In fact, Wojnarowicz’s “Magic Box” is the centerpiece from which the entire show is constructed, as Taylor explains in his conversation with Ault: “[Along] with it (David Wojnarowicz’s collection) came the Magic Box, which perhaps more than anything changed how I think about what archives do, because traditionally, archives don’t take objects, or if they do, they take a few of them and they call them realia, which is a term I don’t really know the meaning of; I don’t like it very much.”

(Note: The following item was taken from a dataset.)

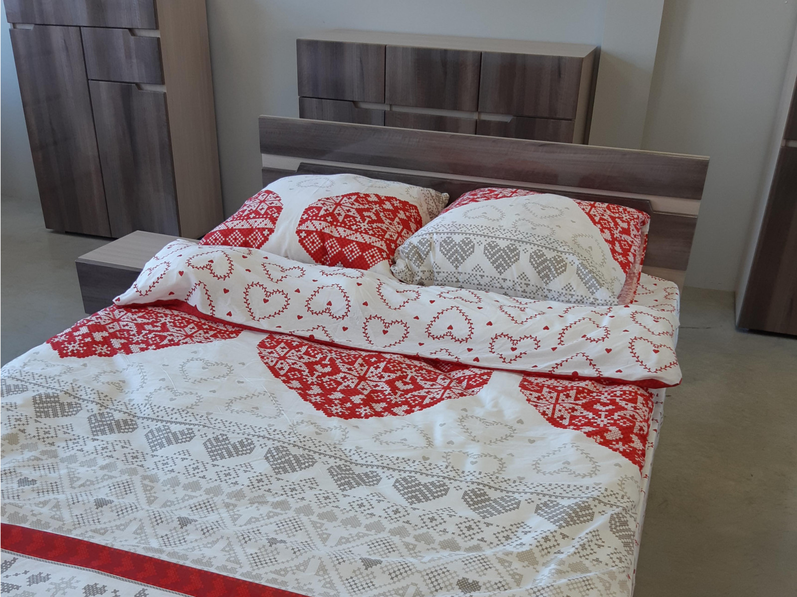Состав комплекта: шкаф 2-х створчатый, шкаф 3-х створчатый, шкаф угловой, пенал , комод-800, тумба прикроватная, комод-1200, кровать-1400, основание 1400, опоры для основания

This exhibit, which presents us with so many objects, each filled with meaning and experience, renders us mute. And in this muteness, we are invited to stop and think again, to reconsider. That Ault does not provide an explanation or context beyond what the objects are allows us to form our own thoughts, to make connections while at the same time refusing easy conclusions. Ault’s afterlife, by complicating and resisting simple reductions, provide us, ultimately, with a means by which to see and read the world in a more nuanced and, therefore, empathetic manner.
Julie Ault: afterlife continues at Galerie Buchholz (17 E 82nd St, Upper East Side, Manhattan) through January 16.